With Pentax, there are not a whole lot of choices in production for a modern Pentax lens, especially for an all-around zoom. This 18-135mm is pretty much your best bet. Luckily, it performs decently well for its price. I have this lens and the 35mm F2.4 for really nice, leight-weight travel combination. The focal length of 18-135mm covers about 27 to 200mm 35mm film equivalent range, which is pretty good and covers many types of photos (landscape, portraits, group shots, and mild telephoto for wildlife). Plus the 1:4x magnification ratio means that you can also do product photography and close up of flowers. This lens has a little above average distortion at wide angle, so architecture photos are not going to be straight unless you post-process the image. The modern Pentax cameras can fix distortion in-camera too, but its slow. Vignetting, dark shaded corners, is about average..nothing I would concern myself with. Contrast is great a couple stops down from wide open. The color reponse of the lens is fantastic and typical of good Pentax glass. Its not too warm like vintage glass but great and vibrant nonetheless.

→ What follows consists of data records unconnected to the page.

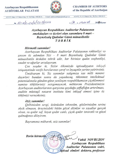 Auditorlar Palatasının sədri, iqtisad elmləri doktoru, professor Vahid Novruzov Auditorlar Palatasının üzvləri olan xanım auditorlara 8 mart - Beynəlxalq Qadınlar günü münasibətilə təbrik məktubu ünvanlamışdır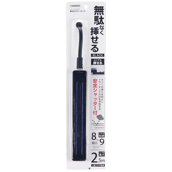 ●ヤザワ H6LS10025BK 差込みフリータップ2 ロングタイプ ブラック 2.5m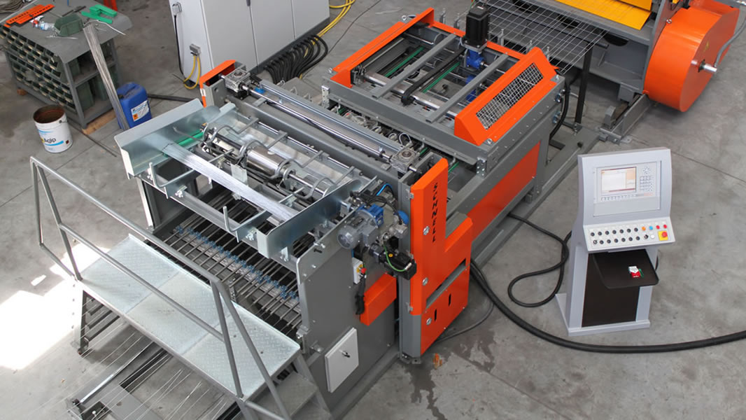 Machine pour la production de treillis soudés à l’électricité alimentée par des barres et des bobines. Cette machine produit des treillis avec des fils transversaux pré-redressés et coupés à mesure et des fils longitudinaux directement fournis par bobines. Le largueur maximale du treillis est de 1250 mm, la longueur n’a pas de limites.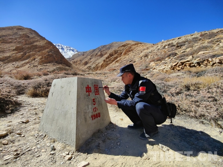 巡邏結(jié)束回到執(zhí)勤點(diǎn)后,邊巴次仁并沒(méi)有卸下執(zhí)勤裝備,而是拿著毛筆和紅油漆朝著執(zhí)勤點(diǎn)的河對(duì)岸走去,過(guò)河幾百米便是中尼5號(hào)界樁。“只有堅(jiān)守在邊境的我們才能體驗(yàn)到,除夕這天,為界碑描紅的自豪感?!彼贸雒P跟紅漆一筆一劃地描著界碑上的每一個(gè)字?!懊杓t界碑那一刻,眼前是界碑,身后是祖國(guó),我們守的是萬(wàn)家燈火?!边叞痛稳恃凵駡?jiān)定地看著身前的界碑說(shuō)。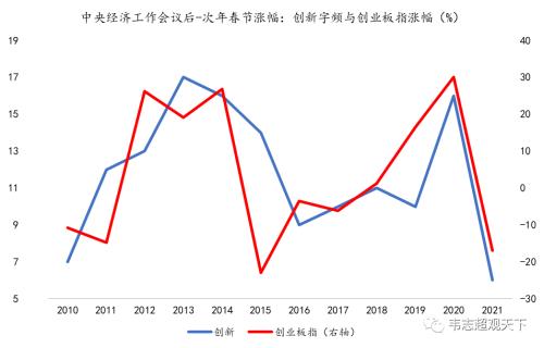 从历史数据的规律来看,中央经济工作会议关于创新的词频与会议之后两个月内创业板的涨幅密切相关。过去几年科技特别是硬科技打入了很高的估值,在政策变化的情况下股价很容易发生变化。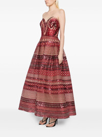 heart-shaped embroidered dress Highlights - Crimson red - Concealed rear hook and zip fastening - Two side slit pockets - Strapless Imported Composition Outer: Polyester 41%, Silk 19%, Rayon 18%, Polyamide 17%, Nylon 5% Lining: Silk 100% SIZE & FIT Model measurements Height 5 ft 9 in(1.76 m) Bust/Chest 31.1 in(79 cm) Hips 35.03 in(89 cm) Waist 24.4 in(62 cm) FittingInformation Designed for a close fit at the chest with a loose fit over the waist and hips Made from a midweight non-stretch fabric Washing instructions Dry Clean Only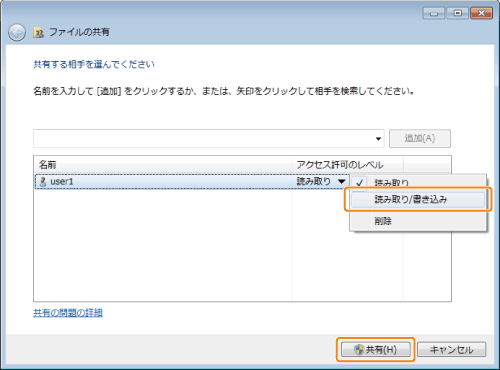 ]をクリックし、共有したいユーザーを選択して、[追加]をクリックします。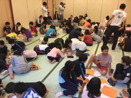 大盛り上がりのレクが終わり,反省会をしたときの様子です。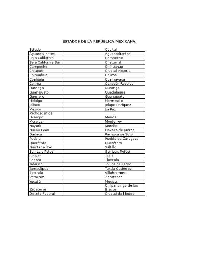 Estados De La Republica Mexicana Capitales Pdf Mexico Asociacion De Futbol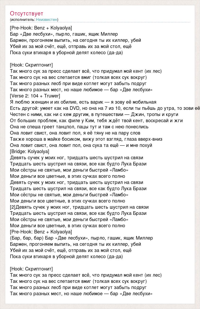 [Pre-Hook: Benz + Kolyaolya] Бар «Две лесбухи», пырло, гашик, ящик Миллер Бармен, прогоняем выпить, на сегодня ты их киллер, убей Убей их за мой счёт, ещё, отправь их за мой стол, ещё Пока суки втихаря в уборной делят колесо (да-да) [Hook: Скриптонит] Так много сук за пресс сделает всё, что придумал мой кент (их лес) Так много сук на вес слетается вмиг (толкая всех сук вокруг) Так много разных лесб при виде котлет могут забыть подруг Так много разных мест, но наше любимое — бар «Две лесбухи» [Verse 2: 104 + Truwer] Я люблю женщин и их обилие, есть варик — я зову её мобильная Есть другой: умеет как на DVD, но она на 7 из 10, если ты пьёшь до утра, то зови её Честен с ними, как ни с кем другим, в путешествии — Джин, тропы и круги От больших проблем, как филе у Ким, тебя ждёт твой кент, воскресай и жги Она не спеша греет танцпол, пацы тут и там с нею понеслись Она ловит свист, она ловит пол, я её тяну не на пару слов Также хороша в майке босиком, вижу этот взгляд, глаза вверх-вниз Она ловит свист, она ловит пол, она сука та ещё — и мне похуй [Bridge: Kolyaolya] Девять сучек у моих ног, тридцать шесть шустрил на связи Тридцать шесть шустрил на связи, все как будто Лука Брази Мои сёстры не святые, мои деньги быстрей «Ламбо» Мои деньги все цветные, в этих сучках всего полно Девять сучек у моих ног, тридцать шесть шустрил на связи Тридцать шесть шустрил на связи, все как будто Лука Брази Мои сёстры не святые, мои деньги быстрей «Ламбо» Мои деньги все цветные, в этих сучках всего полно [2]Девять сучек у моих ног, тридцать шесть шустрил на связи Тридцать шесть шустрил на связи, все как будто Лука Брази Мои сёстры не святые, мои деньги быстрей «Ламбо» Мои деньги все цветные, в этих сучках всего полно [Pre-Hook: Benz + Kolyaolya] (Бар, бар, бар) Бар «Две лесбухи», пырло, гашик, ящик Миллер Бармен, прогоняем выпить, на сегодня ты их киллер, убей Убей их за мой счёт, ещё, отправь их за мой стол, ещё Пока суки втихаря в уборной делят колесо (да-да) [Hook: Скриптонит] Так много сук за пресс сделает всё, что придумал мой кент (их лес) Так много сук на вес слетается вмиг (толкая всех сук вокруг) Так много разных лесб при виде котлет могут забыть подруг Так много разных мест, но наше любимое — бар «Две лесбухи»

Sharpness. This is the subject everyone looks at. Pentax seemed to attempt keeping the longer focal length as sharp as possible. I feel they succeeded for the most part, at all focal length the lens performs very good a couple stops down from wide open. The CON is that the corners are very soft and blurry. I took a test shot of my carpet, pointing the camera straight down (using a bubble leveler to make sure), and at all focal lengths the corners are soft. Now, before one jumps ship, it is recommended that one read the Ken Rockwell article on the importance of sharpness. Most of the time your subjects are not at the borders of the picture, leaving the rest defocused anyway with bokeh, so most of the time when I compose my shots they are still very pleasing to my eye. And thats what matters. Only when you do critical work like close-up photography does a sharp flat plane work in your benefit.
For your money you get a lot of lens. Its lightweight because it doesnt need added elements for optical stabilization. It's weather sealed meaning it can handle mild rain with no problem (I wouldn't say torrential rain however). A feathered petal-hood is included and can be inverted backwards on the lens for storage. The focus ring is dampaned and quick-shift, meaning you can focus even with the autofocus switch on. Its located behind the zoom ring and has "soft" stops. The 62mm filter diameter is not so large that you must get expensive filters. The autofocus speed is not up to par to Canon's USM but it is about the same league as Pentax's SDM. Accuracy depends on what camera you have, but mine did well on my k-x. No back or front bias focus on my sample.
All in all, if you are looking for a one lens do-it-all, then this might be your best bet. If the longer focal length is not of concern, the older Sigma 17-70mm might tickle your fancy, plus its cheaper. Compared to the Pentax 18-55mm kit lens, though, it is way better and a good upgade. As with Pentax, if you want the best, you might want to look at their prime lenses.